Internal emails obtained by the Journal show Hicks executive, Brian Sharkey, informing his employees of the name change.

"We will be describing this new effort as 'Basketball'," Sharkey wrote.

Another e-mail reminded the company's staff that,

"TIA has been terminated and should be referenced in that fashion."

The Journal also pointed out that another TIA project known as Genoa II was renamed Topsail and moved to ARDA.

 

Genoa was focused on pre-empting crime, an early predecessor for pre-crime technologies.
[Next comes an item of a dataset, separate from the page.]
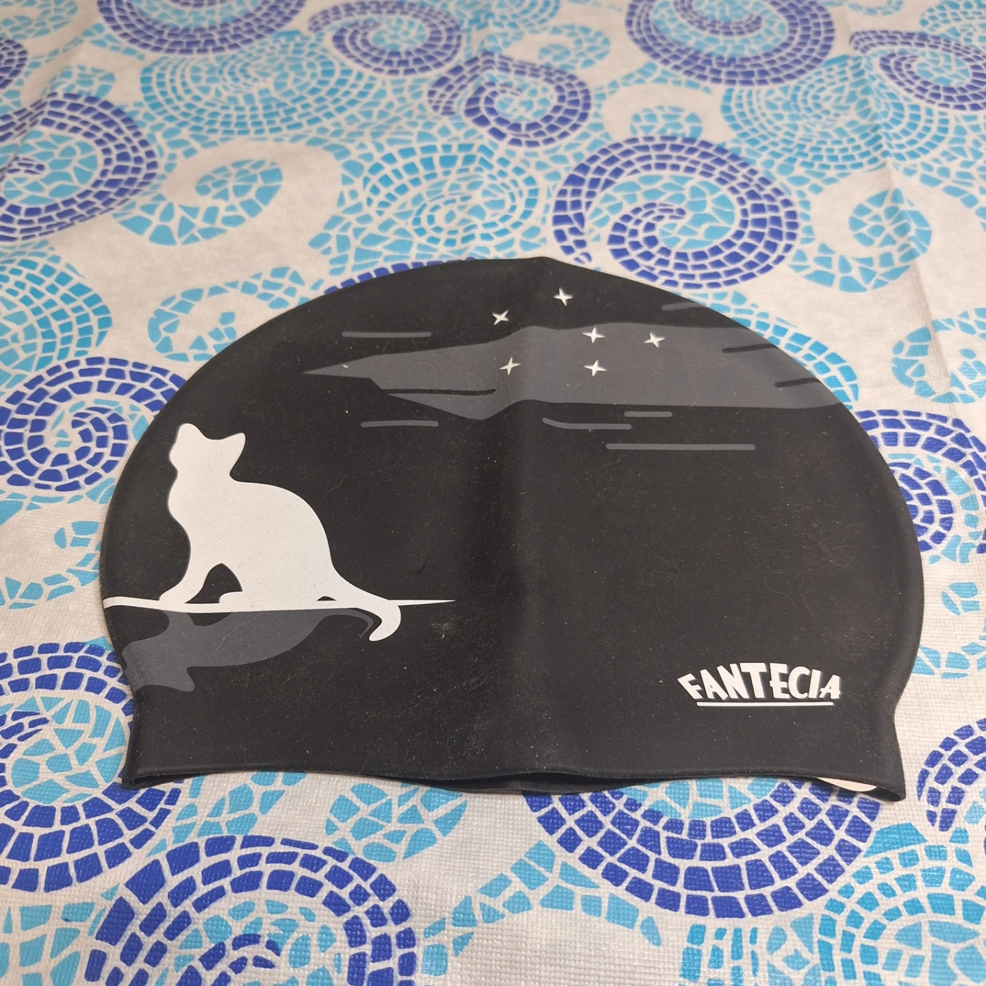This FANTECIA silicone swim cap is black with a white cat and stars design. It's made of durable silicone for a comfortable fit. Protects hair from chlorine and waves. Easy to put on and take off!

"As recently as October 2005, SAIC was awarded a $3.7 million contract under Topsail," the Journal wrote.

When attempting to question the Senate Intelligence Committee about whether or not the TIA's programs were simply renamed and moved, Senator Ron Wyden of Oregon told by Director of National Intelligence John Negroponte and FBI Director Robert Mueller that they didn't know.

 

However, Negroponte's deputy, Gen. Michael V. Hayden, said,

"I'd like to answer in closed session."

Hayden would go on to become the director of the Central Intelligence Agency and director of the NSA among other spy agencies.

 

Finally, in 2013, even the magazine Scientific American was forced to acknowledge that the Total Information Awareness never ended. Edward Snowden had made it perfectly clear by that point that Americans are living in a Surveillance State.

 

In fact, in an interview with WIRED, intelligence analyst James Bamford said the NSA's $2 billion facility in Utah,

"is, in some measure, the realization of the 'total information awareness' program created during the first term of the Bush administration - an effort that was killed by Congress in 2003 after it caused an outcry over its potential for invading Americans' privacy."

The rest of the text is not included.